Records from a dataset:
=== Begin Enclosure ===
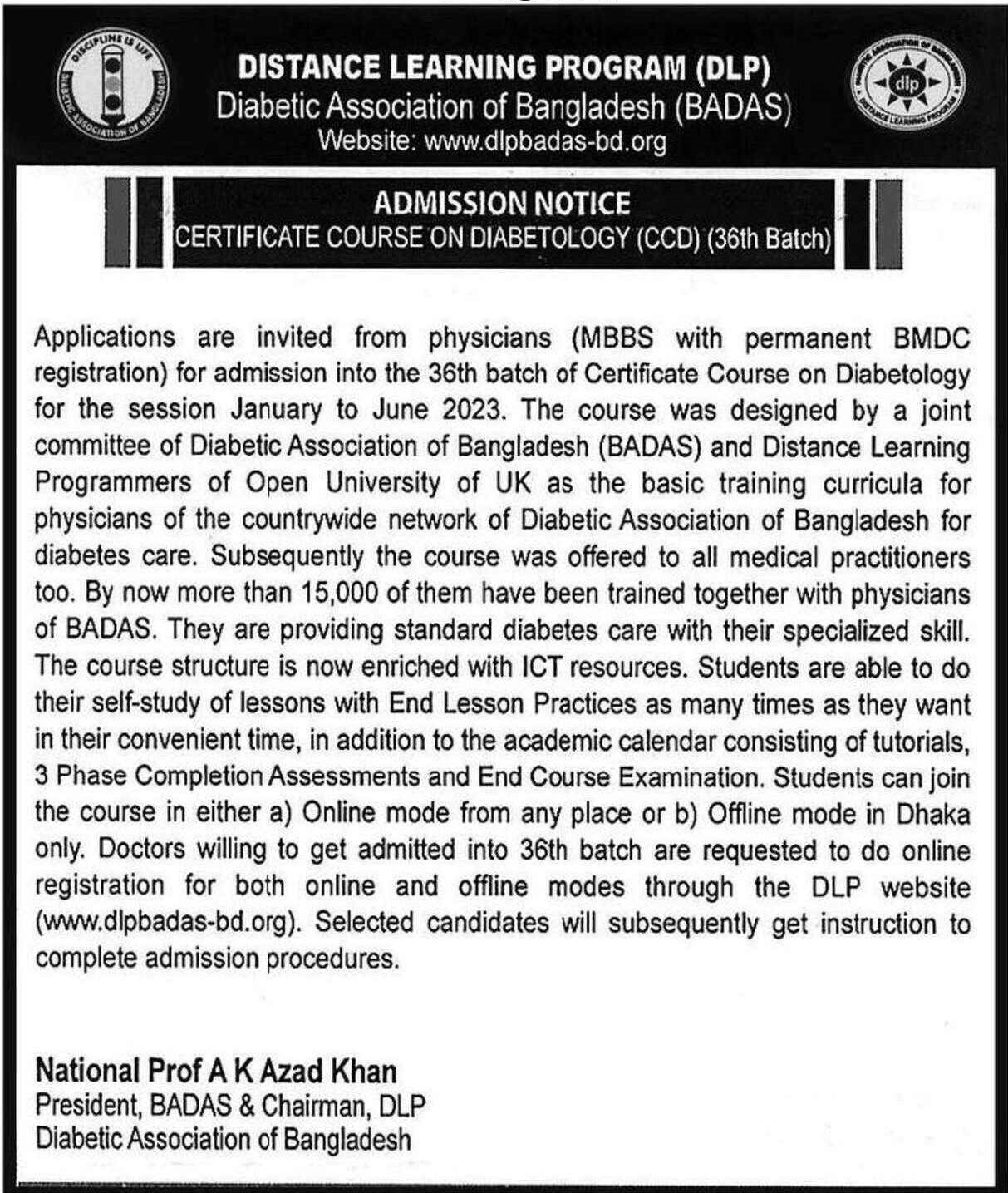 Considering the gravity of the situation, Bangladesh Diabetic Association is offering Certificate Course on Diabetology through their Distance Learning Program. It is their 36th offering for the session January-June, 2023. It is a collaborative program with the distance learning program of Open University of United Kingdom. This certificate course is recognized by International Diabetes Federation.
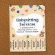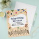 A colorful flyer with Tear Off Strips featuring building blocks, a teddy bear, stars, green apple, bunting flags, etc. It could be perfect for all activities with kids such as babysitting, nanny, child care, tutor, etc
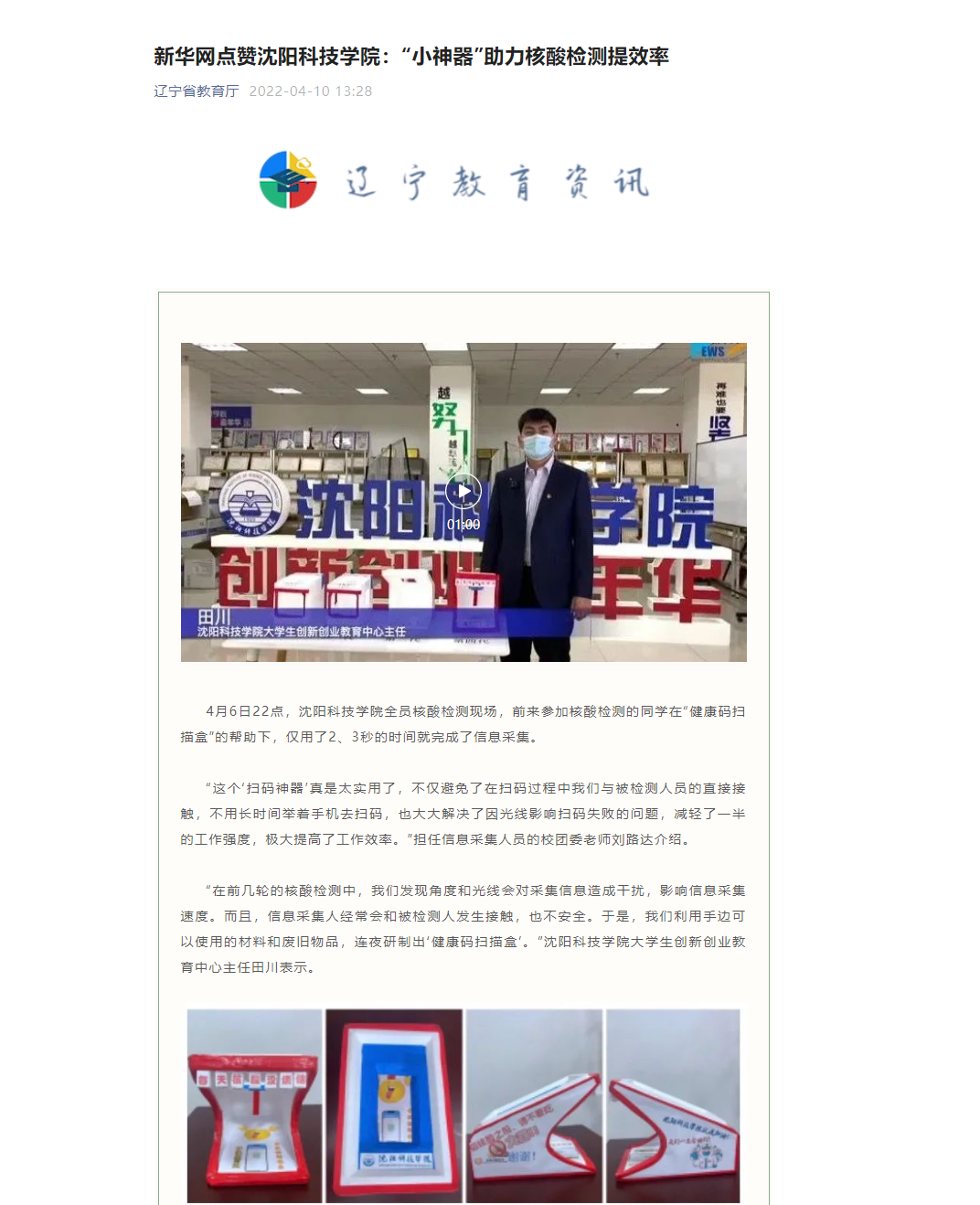 辽宁省教育厅官方报道我校师生研发的“扫码神器”
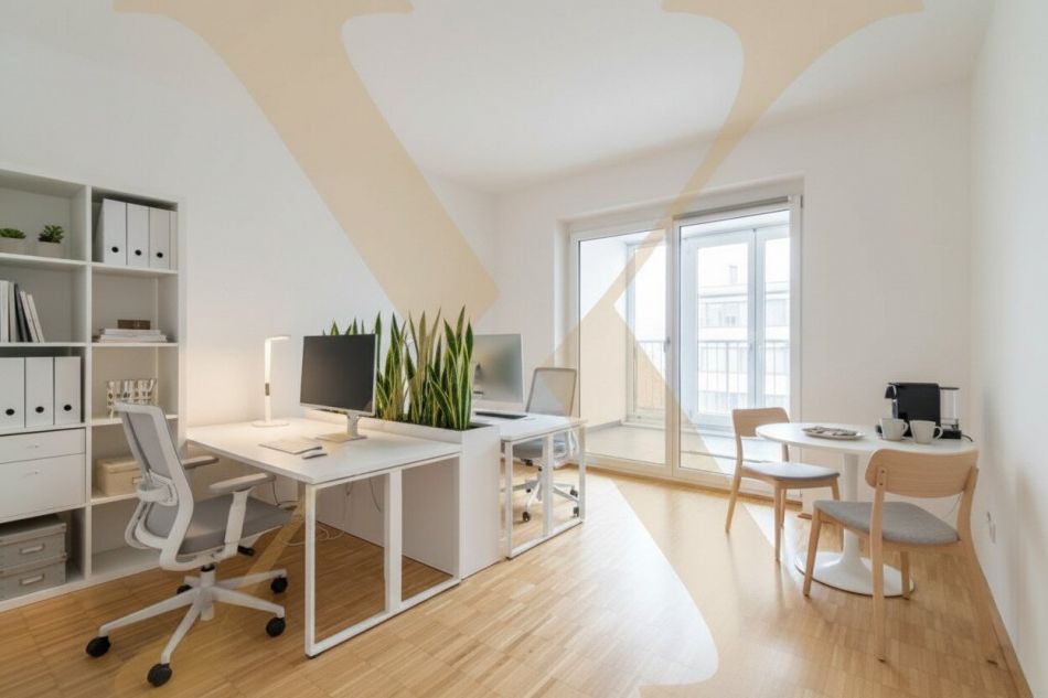 Sie verfügt über ein großzügiges Büro mit integrierter Küche, ein weiteres Büro, ein Badezimmer, eine Toilette, einen Abstellraum sowie eine ca. 7,50m² große Loggia.
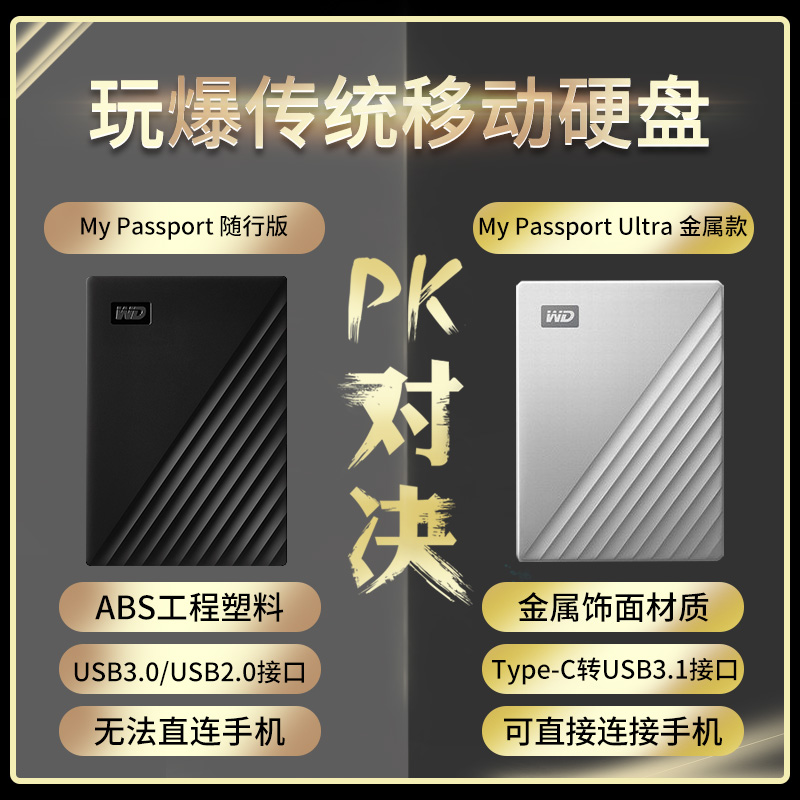 (Pre-sale 50 yuan drop) Western Data (WD) 4TB My Passport Ultra High Speed TypeC Portable Hard Drive 4t Encrypted USB3 1
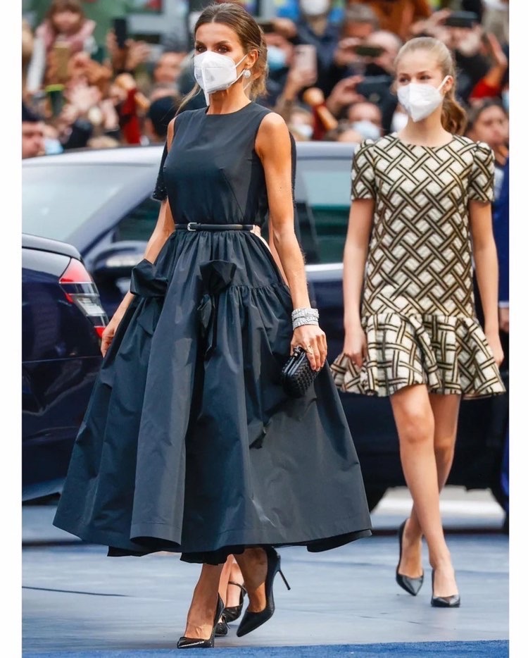 Il venerdì mattina all’hotel Reconquista l’incontro con i vincitori delle varie sezioni del premio; impegno istituzionale che richiede una certa sobrietà, disciplina in cui Letizia è campionessa olimpica. E cosa c’è di più sobrio che riciclare un tubino principe di galles di Hugo Boss? Chic. Per essere sicure, anche Leonor si è buttata sul riciclo, scegliendo l’abitino drappeggiato color carta da zucchero, della maison sivigliana Vogana, già indossato a giugno per l’anniversario dell’ascesa al trono del padre. Stile camicia da notte per la sorella Sofía, non mi fa impazzire ma è interessante vedere le due ragazze che iniziano a diversificate le loro scelte di moda.
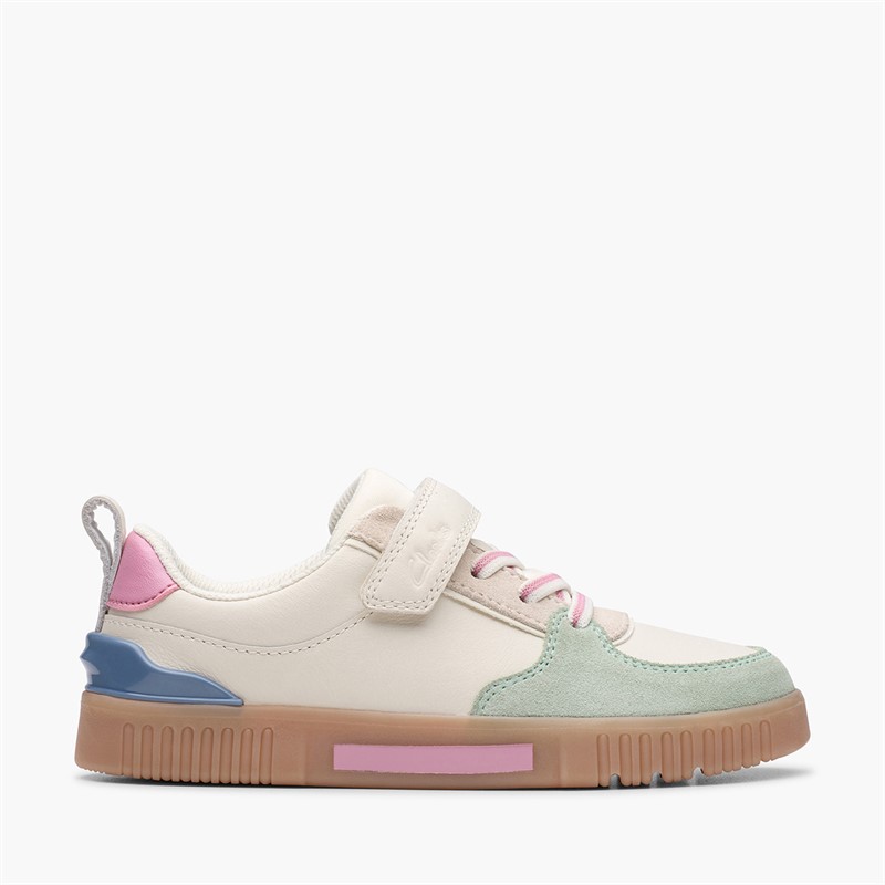 Clarks Girls Olo Vibe F-Fit Trainers White/Pink
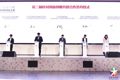 会上,上海市、浙江省、江苏省以及安徽省相关创新创业服务部门共同签署了长三角区域创新创业合作共建协议,携手突破“三省一市”地域壁垒,推动长三角创新资源流动和新动能培育壮大。
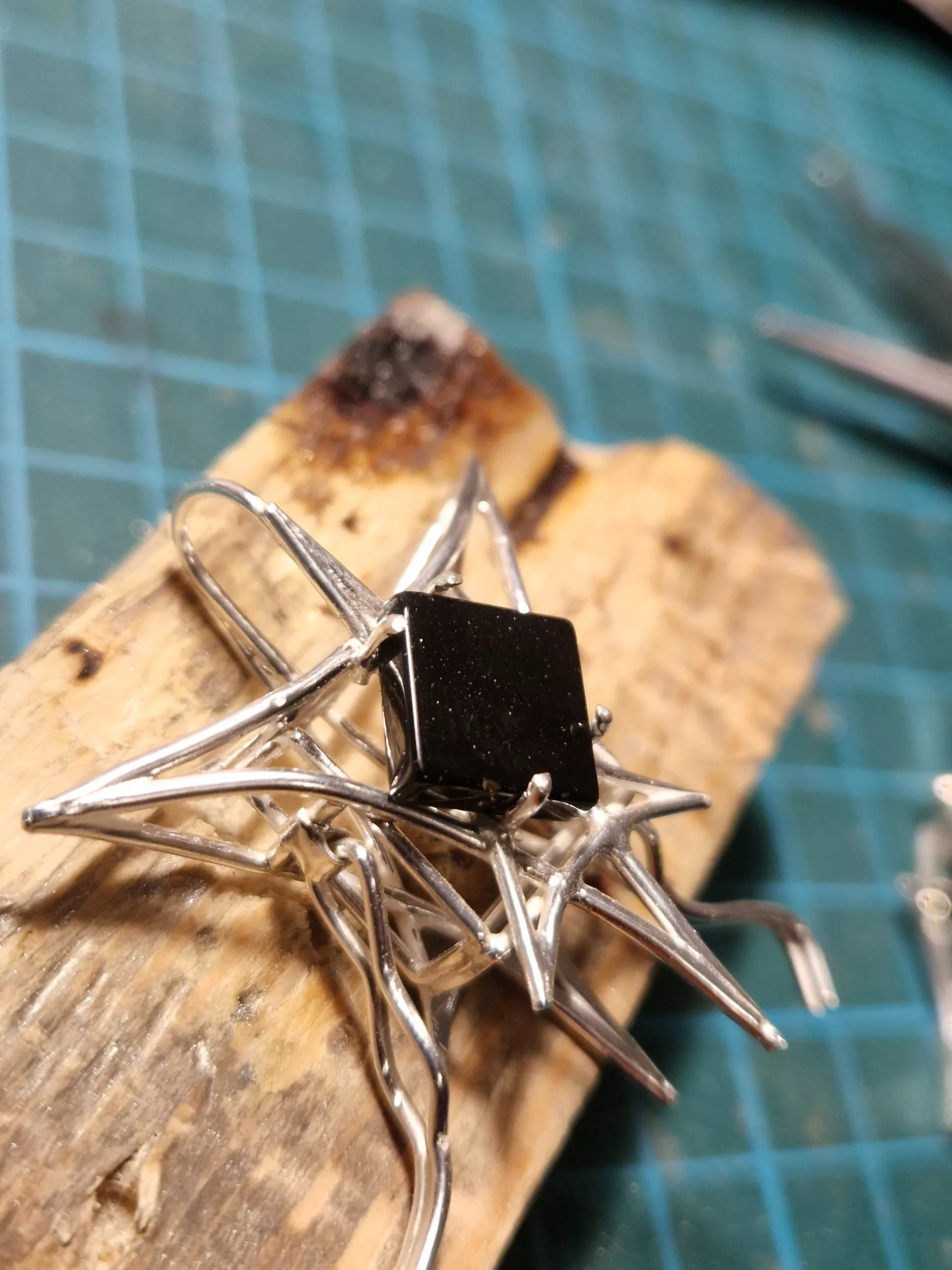 Once soldered I cut off the top arching parts of the horseshoe shaped additions and file the tips to smooth them out. The last accord is to put the stone in its place and gently bend the tips of the prongs so they embrace the onyx tightly.
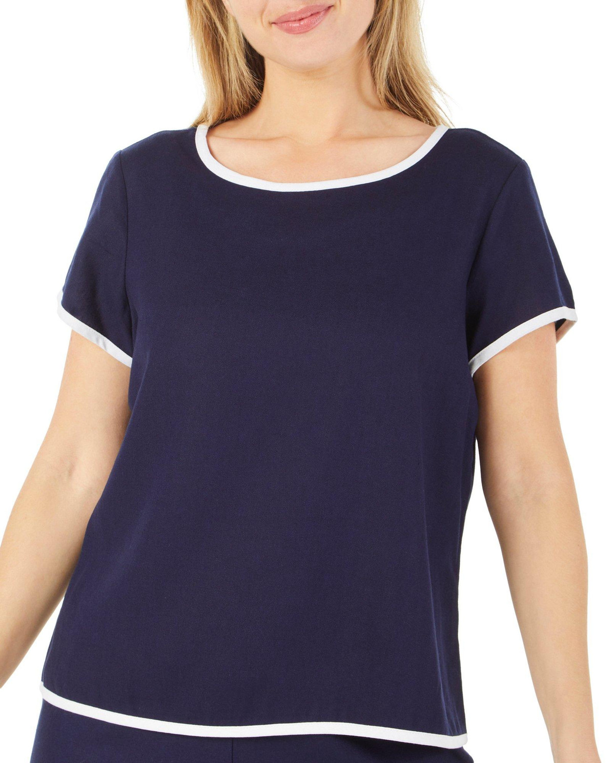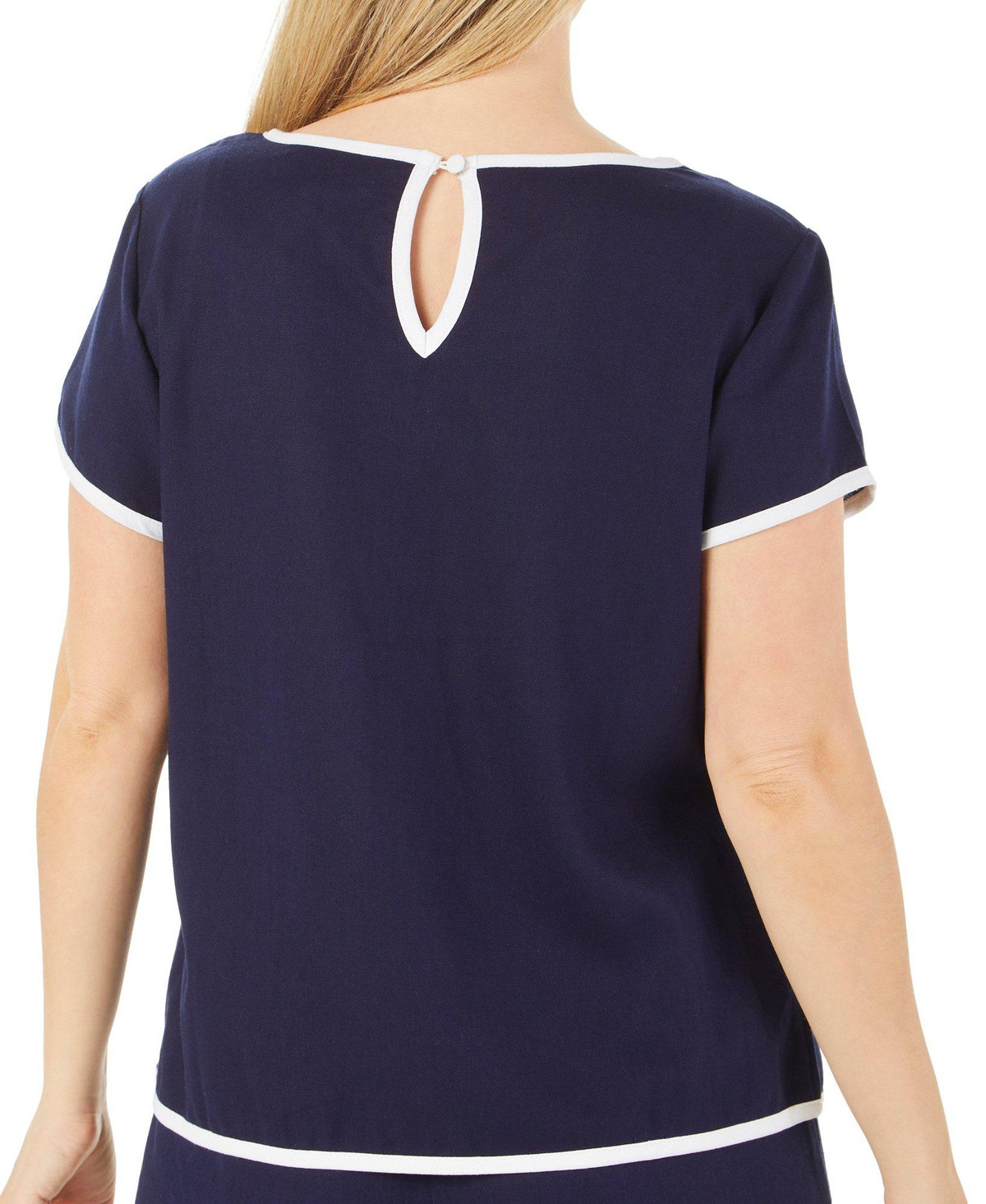 Introducing the Women’s Keyhole Short Sleeve Top, crafted from a blend of rayon and linen for a lightweight and breathable fit. This stylish top features a solid color with chic piped detailing, a back keyhole neckline, and short sleeves. With a length of 23 inches, it’s perfect for pairing with your favorite jeans or skirts for a casual yet elegant look.
=== End Enclosure ===
* _Task details_: In the data above, please extract the lines from the first one through the line with "Once soldered I", exactly, and keep pictures out.

* _Final answer_:
 Considering the gravity of the situation, Bangladesh Diabetic Association is offering Certificate Course on Diabetology through their Distance Learning Program. It is their 36th offering for the session January-June, 2023. It is a collaborative program with the distance learning program of Open University of United Kingdom. This certificate course is recognized by International Diabetes Federation.
 A colorful flyer with Tear Off Strips featuring building blocks, a teddy bear, stars, green apple, bunting flags, etc. It could be perfect for all activities with kids such as babysitting, nanny, child care, tutor, etc
 辽宁省教育厅官方报道我校师生研发的“扫码神器”
 Sie verfügt über ein großzügiges Büro mit integrierter Küche, ein weiteres Büro, ein Badezimmer, eine Toilette, einen Abstellraum sowie eine ca. 7,50m² große Loggia.
 (Pre-sale 50 yuan drop) Western Data (WD) 4TB My Passport Ultra High Speed TypeC Portable Hard Drive 4t Encrypted USB3 1
 Il venerdì mattina all’hotel Reconquista l’incontro con i vincitori delle varie sezioni del premio; impegno istituzionale che richiede una certa sobrietà, disciplina in cui Letizia è campionessa olimpica. E cosa c’è di più sobrio che riciclare un tubino principe di galles di Hugo Boss? Chic. Per essere sicure, anche Leonor si è buttata sul riciclo, scegliendo l’abitino drappeggiato color carta da zucchero, della maison sivigliana Vogana, già indossato a giugno per l’anniversario dell’ascesa al trono del padre. Stile camicia da notte per la sorella Sofía, non mi fa impazzire ma è interessante vedere le due ragazze che iniziano a diversificate le loro scelte di moda.
 Clarks Girls Olo Vibe F-Fit Trainers White/Pink
 会上,上海市、浙江省、江苏省以及安徽省相关创新创业服务部门共同签署了长三角区域创新创业合作共建协议,携手突破“三省一市”地域壁垒,推动长三角创新资源流动和新动能培育壮大。
 Once soldered I cut off the top arching parts of the horseshoe shaped additions and file the tips to smooth them out. The last accord is to put the stone in its place and gently bend the tips of the prongs so they embrace the onyx tightly.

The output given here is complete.